• _What you need to do_: Although the records contain pictures, only their text should be set down, exactly as written.

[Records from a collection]
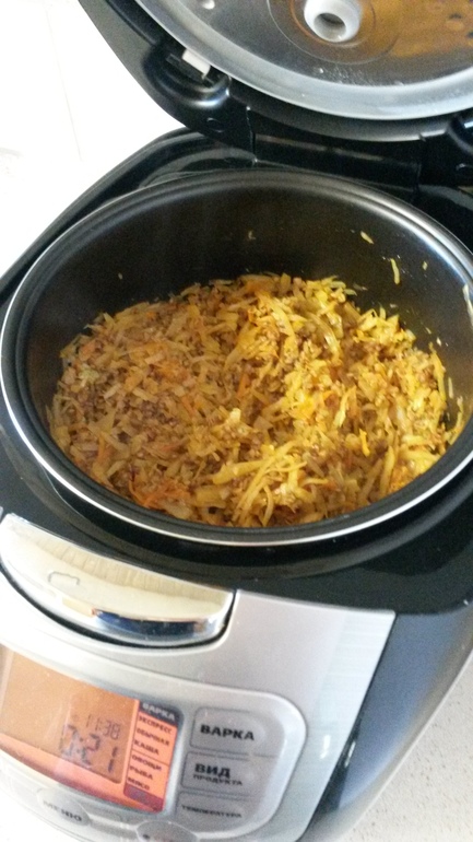 После сигнала оставила на режиме поддержания тепла еще на 30 минут (гречка была не полностью готова, но за 30 мин. тепла она 'дошла'), еще добавила тертых пару зубчиков чеснока.
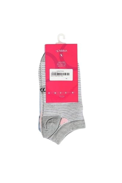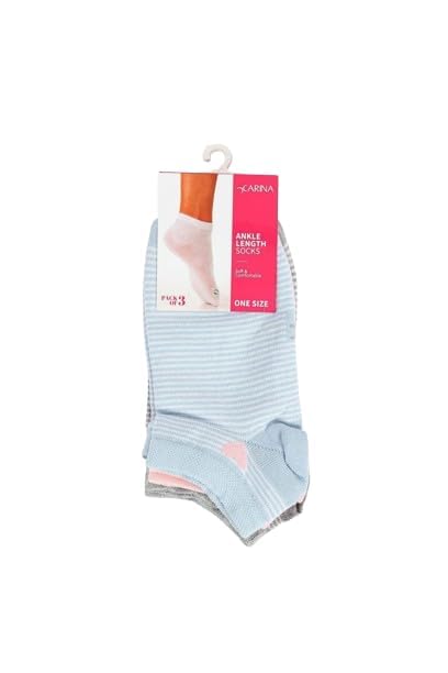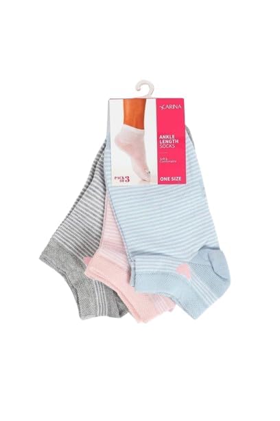 CARINA - Carina Cotton Striped Elastic-Trim No-Show Socks for Women - Set of 3 - Multi Color, One Size
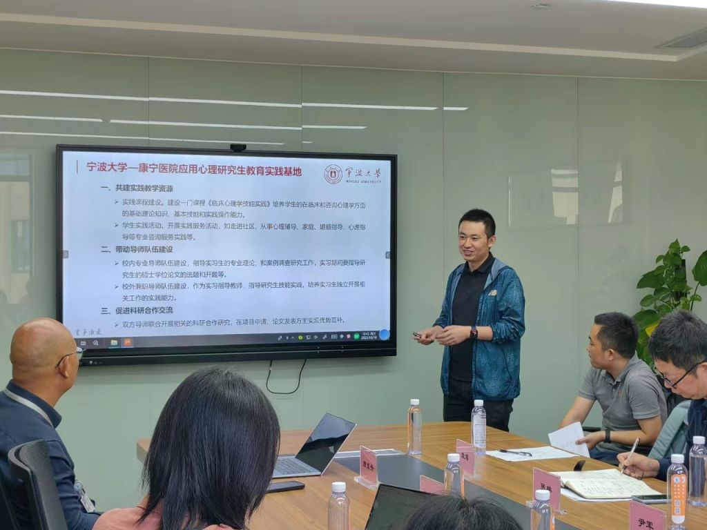 心理学科与宁波市康宁医院开展共建基地科研交流与研究生培养研讨会,会议在宁波市康宁医院庄市院区举行。宁波市康宁医院党委书记周文华、科教科科长/物理诊疗中心主任周东升、h漫
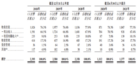 而分项目来看,瑞安新天地的收入来源于物业投资、物业管理和资产管理三大板块。其中,物业投资是公司的主要收入来源,2018年-2020年该业务分别实现收入18.26亿元、19.77亿元、18.36亿元,占比为76.3%、76.6%、77.9%,占到公司总收入的近八成。进一步划分,该业务又可以划分为租金收入和租赁相关收入两个部分,前述期内公司租金收入分别实现收入15.91亿元、17.24亿元、16.01亿元,占公司总收入比重的66.5%、66.8%、67.9%。
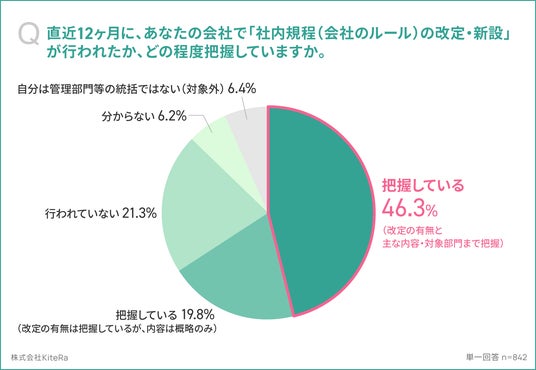 「直近12ヶ月に、あなたの会社で社内規程(会社のルール)の改定・新設が行われたか、どの程度把握していますか。(単一回答)」の質問に対し、最も多かったのは「把握している(改定の有無と主な内容・対象部門まで把握)」が46.3%、次いで「行われていない」が21.3%、「把握している(改定の有無は把握しているが、内容は概略のみ)」が19.8%と回答しました。
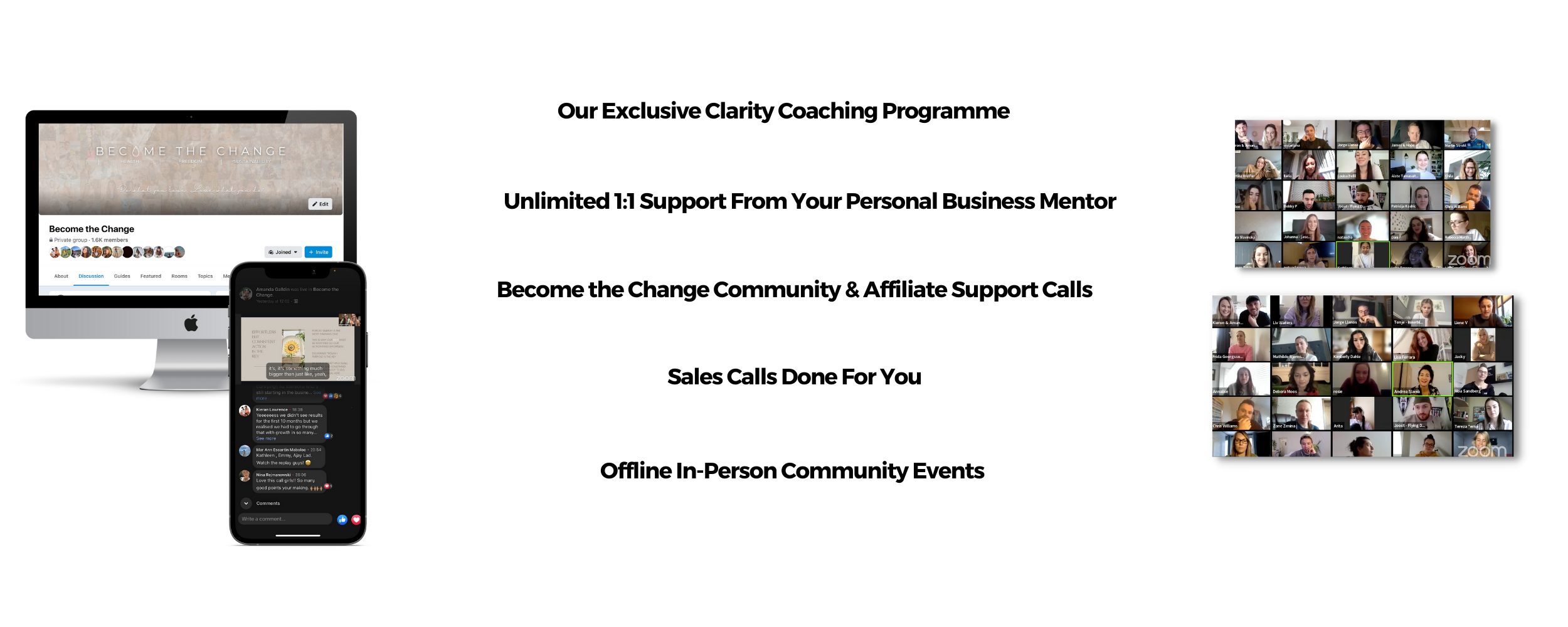 The business opportunity we hold is broken down into two forms. Affiliate & Network Marketing. This involves: 1. Partnering with our chosen partnership becoming an independent distributor, sharing their products & message for them. 2. Optional Personal Coaching & Mentorship to help new business owners to grow.
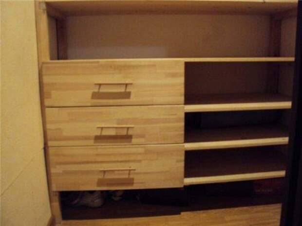 Далее, начиная снизу,на поперечные бруски укладываются доски. Сплошными делаем первую и четвертую полку снизу,а вторую и третью необходимо разделить посередине фанерой, чтобы в левой половине сделать выдвижные ящики, а правую оставить для открытых полок.
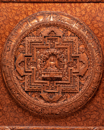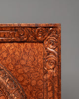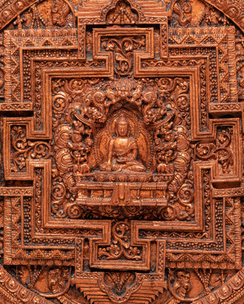 This, the First Buddha Shakyamuni Wall Hanging, is a spectacular, intricately detailed representation of Shakyamuni Buddha, the founder of Buddhism and the embodiment of enlightenment. Standing 76.5 cm high and 76.5 cm wide, this powerful wall hanging is crafted with stone-dust epoxy binding and a wooden back. Shakyamuni Buddha, seated in the classic lotus position, symbolizes peace, wisdom, and the path to enlightenment. The design captures the profound serenity of the Buddha, inviting a sense of calm, reflection, and spiritual growth into any room.

• _Solution_:
 После сигнала оставила на режиме поддержания тепла еще на 30 минут (гречка была не полностью готова, но за 30 мин. тепла она 'дошла'), еще добавила тертых пару зубчиков чеснока.
 CARINA - Carina Cotton Striped Elastic-Trim No-Show Socks for Women - Set of 3 - Multi Color, One Size
 心理学科与宁波市康宁医院开展共建基地科研交流与研究生培养研讨会,会议在宁波市康宁医院庄市院区举行。宁波市康宁医院党委书记周文华、科教科科长/物理诊疗中心主任周东升、h漫
 而分项目来看,瑞安新天地的收入来源于物业投资、物业管理和资产管理三大板块。其中,物业投资是公司的主要收入来源,2018年-2020年该业务分别实现收入18.26亿元、19.77亿元、18.36亿元,占比为76.3%、76.6%、77.9%,占到公司总收入的近八成。进一步划分,该业务又可以划分为租金收入和租赁相关收入两个部分,前述期内公司租金收入分别实现收入15.91亿元、17.24亿元、16.01亿元,占公司总收入比重的66.5%、66.8%、67.9%。
 「直近12ヶ月に、あなたの会社で社内規程(会社のルール)の改定・新設が行われたか、どの程度把握していますか。(単一回答)」の質問に対し、最も多かったのは「把握している(改定の有無と主な内容・対象部門まで把握)」が46.3%、次いで「行われていない」が21.3%、「把握している(改定の有無は把握しているが、内容は概略のみ)」が19.8%と回答しました。
 The business opportunity we hold is broken down into two forms. Affiliate & Network Marketing. This involves: 1. Partnering with our chosen partnership becoming an independent distributor, sharing their products & message for them. 2. Optional Personal Coaching & Mentorship to help new business owners to grow.
 Далее, начиная снизу,на поперечные бруски укладываются доски. Сплошными делаем первую и четвертую полку снизу,а вторую и третью необходимо разделить посередине фанерой, чтобы в левой половине сделать выдвижные ящики, а правую оставить для открытых полок.
 This, the First Buddha Shakyamuni Wall Hanging, is a spectacular, intricately detailed representation of Shakyamuni Buddha, the founder of Buddhism and the embodiment of enlightenment. Standing 76.5 cm high and 76.5 cm wide, this powerful wall hanging is crafted with stone-dust epoxy binding and a wooden back. Shakyamuni Buddha, seated in the classic lotus position, symbolizes peace, wisdom, and the path to enlightenment. The design captures the profound serenity of the Buddha, inviting a sense of calm, reflection, and spiritual growth into any room.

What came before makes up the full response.